Another commonly used database is the relational database which is a tabular database having the data defined so that it can be reorganized and accessed in a number of different ways. In a relational database, data records are maintained in data tables or collection of rows all having the same columns. Each row is a data record and each column holds information of a particular type of data for the data records . Data records may be indexed using unique indices or keys that join different data records in different tables together.
Relational databases are particularly useful because the information stored therein may be accessed using a relational query language. One such query language, SQL (Structured Query Language) SQL IS A TRADEMARK OF INTERNATIONAL BUSINESS MACHINES CORPORATION, is widely used and understood by relational database users.
Unfortunately, asking fundamental relational questions of a hierarchical database is not possible without providing additional capabilities beyond what is normally available.

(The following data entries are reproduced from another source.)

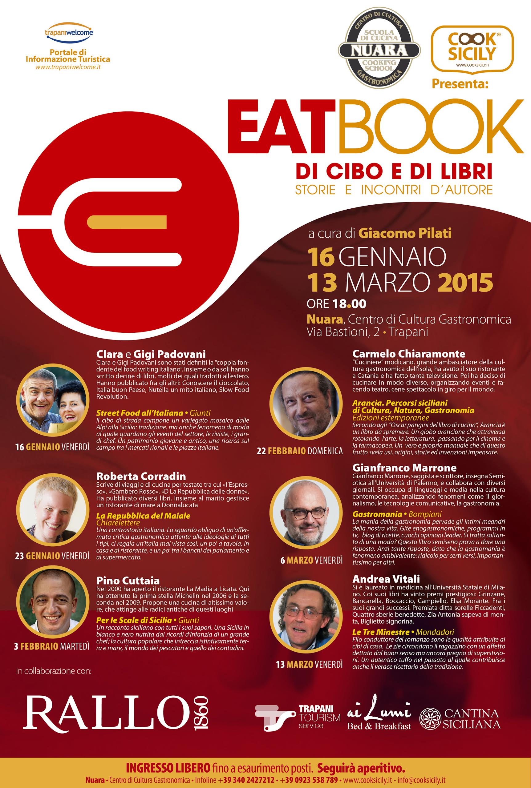 Un affascinante e goloso viaggio in compagnia di chef, giornalisti, scrittori ma soprattutto grandi appassionati di cucina, protagonisti della rassegna “Eatbook, di Cibo e di Libri” curata dall'autore Giacomo Pilati, in programma a partire dal 16 Gennaio al Centro di Cultura Gastronomica “Nuara - Cook Sicily” in via Bastioni 2 -Trapani.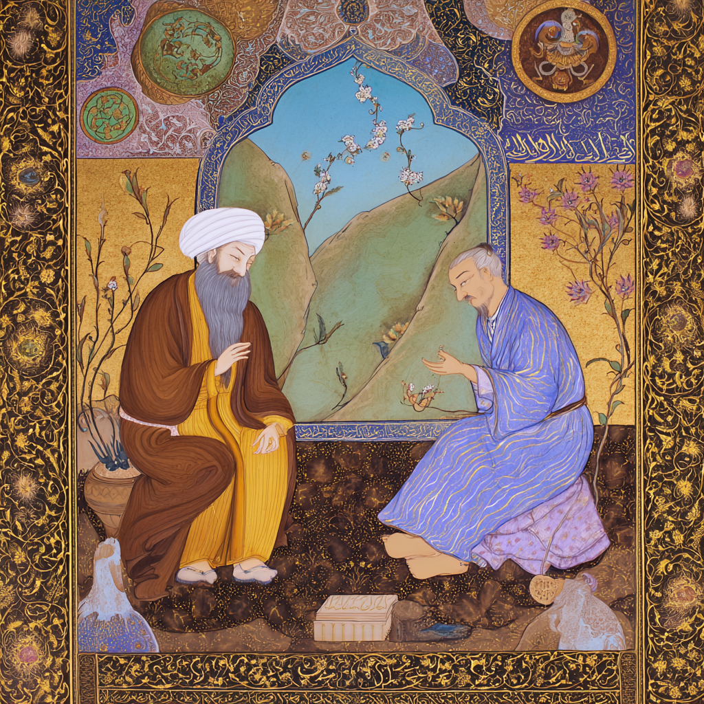 full color spiritual master rumi receiving teachings from shams of tabriz in classic persian style
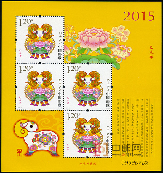 《乙未年》生肖羊邮票以绵羊作为造型的基础,绵羊身体丰满,可爱,雄羊有螺旋状的大角。羊角以缠枝花草纹样为装饰,象征福气延绵不绝,长长久久。羊的身上为牡丹、莲花等人们喜闻乐见的花卉,寓意四季平安、富贵有余,是民俗常用的节庆装饰;花边伴以祥云、水波纹等吉祥纹样,水动则财来,水和云以流动的形象使整个画面动静结合。整个画面象征了吉祥、圆满、幸福绵长的寓意。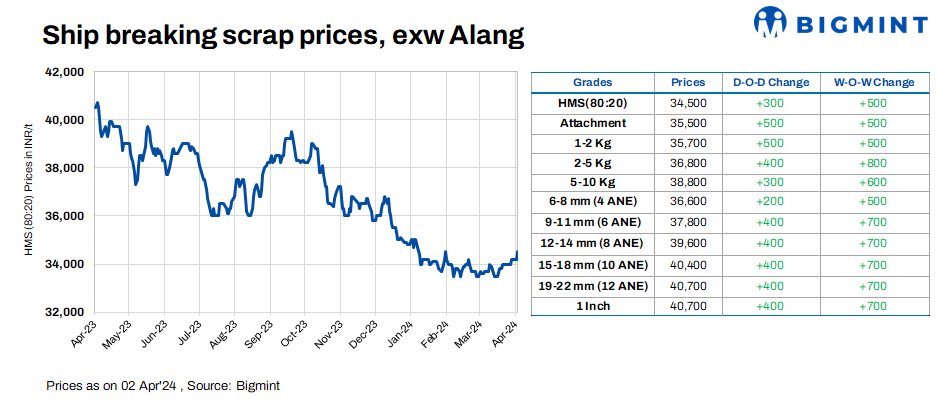 Ship-breaking melting scrap prices in Gujarat’s Alang increased by INR 300/t d-o-d on 2 Apr’24, as per BigMint’s assessment. HMS (80:20) prices were assessed at INR 34,500/t exy. Semi-finished steel prices increased by INR 500/t in the region along with active buying inquiries for scrap by the Bhavnagar-based IF steel mills which prompted suppliers to improve their offers today.

For example, many companies and other organizations support their operations by maintaining two databases, a hierarchical database and a relational one, along with
associated support staffs. This approach is costly and cumbersome to maintain.
Hoth et al. in U.S. Patent Application 2004/0030716 Al describe a method for providing a relational schema in a hierarchical database. A bridging table is created to describe and document the interconnections between entities in a hierarchical database. The Hoth patent application noted above is incorporated herein by reference in its entirety.
While the method described by Hoth does provide the desired capability, it is often slow in response time due to the overhead required in forming the bridging table, and in delivering query responses back to the client.
An improvement in query response time is needed to satisfy customer demands for query capability with their hierarchical databases.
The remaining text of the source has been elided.